HA control peptides frame the microarray. Peptides that react strongly to IgG are shown in the zoom panel. Similarly, shown here is a raw fluorescence image of staining the microarray with anti-human IgM after incubating with a specific Zika virus serum sample diluted 1:250.
Again, the HA control peptides frame the microarray. Peptides that react strongly to IgM are shown in the zoom panel. Shown here is a representative Zika virus epitope consensus sequence reacting with IgM in the host serum sample peptides.
Peptides from the epitope consensus sequence are highlighted in red, and the peptide with the highest fluorescence intensity is marked in bold. After watching this video, you should have a good understanding of how to process a high-density peptide microarray. Once mastered, this technique can be done in 24 hours if it is performed properly.

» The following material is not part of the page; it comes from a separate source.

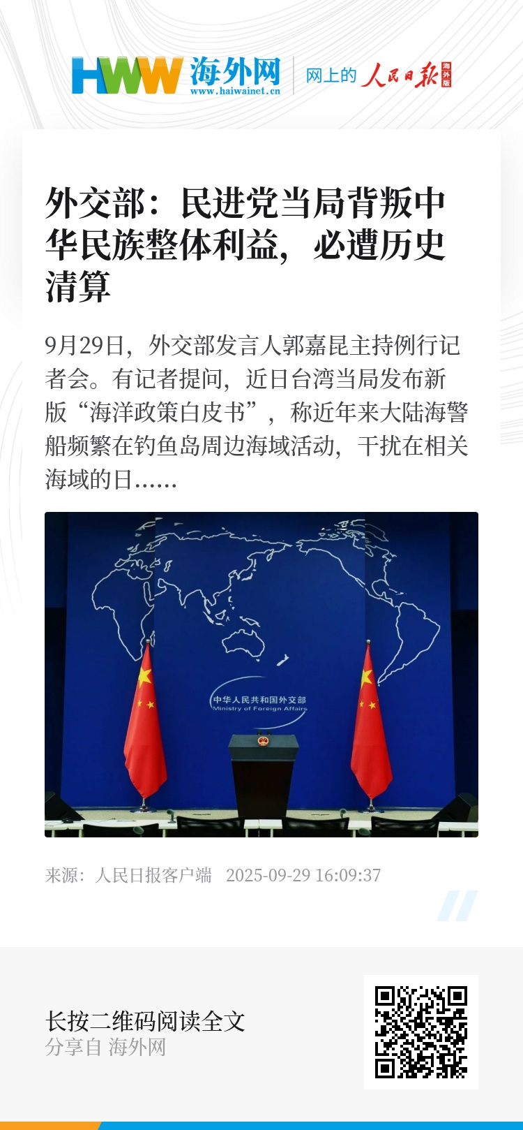 9月29日,外交部发言人郭嘉昆主持例行记者会。有记者提问,近日台湾当局发布新版“海洋政策白皮书”,称近年来大陆海警船频繁在钓鱼岛周边海域活动,干扰在相关海域的日方舰机和渔船等,借此凸显钓鱼岛主权争议。请问中方对此有何评论?

While attempting this procedure, it's important to remember to carefully handle the microarray to avoid scratching the microarray surface. Following this procedure, other methods like ELISA or a surface plasmon resonance binding assay can be performed to determine if the identified peptides bind specifically to Zika virus antibodies and not to other Flavivirus antibodies. After its development, this technique will pave the way for researchers in the field of diagnostics for the discovery of diagnostic peptides using serum and saliva specimens.
Don't forget that working with infectious agents as Zika virus can be extremely hazardous, and precautions such as heat-inactivating the serum sample and working in Biosafety Level 2 facilities should always be taken while performing this procedure.